NASA chief scientist weighs in

Americans are "under siege" from disinformation designed to confuse the public about the threat of climate change, Nasa's former chief scientist has said.

Speaking to the Guardian, Ellen Stofan, who left the US space agency in December, said that a constant barrage of half-truths had left many Americans oblivious to the potentially dire consequences of continued carbon emissions, despite the science being unequivocal.

"We are under siege by fake information that's being put forward by people who have a profit motive," she said, citing oil and coal companies as culprits. "Fake news is so harmful because once people take on a concept it's very hard to dislodge it."

During the past six months, the US science community has woken up to this threat, according to Stofan, and responded by ratcheting up efforts to communicate with the public at the grassroots level as well as in the mainstream press.

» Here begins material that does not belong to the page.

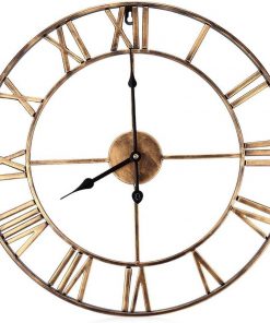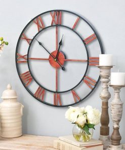 36-inch Metal Silent Wall Clock with Roman Numerals and Wooden Center

"The harder part is this active disinformation campaign," she said before her appearance at Cheltenham Science Festival this week. "I'm always wondering if these people honestly believe the nonsense they put forward. When they say 'It could be volcanoes' or 'the climate always changes'... to obfuscate and to confuse people, it frankly makes me angry."

Stofan added that while "fake news" is frequently characterised as a problem in the right-leaning media, she saw evidence of an "erosion of people's ability to scrutinise information" across the political spectrum. "All of us have a responsibility," she said. "There's this attitude of 'I read it on the internet therefore it must be true'."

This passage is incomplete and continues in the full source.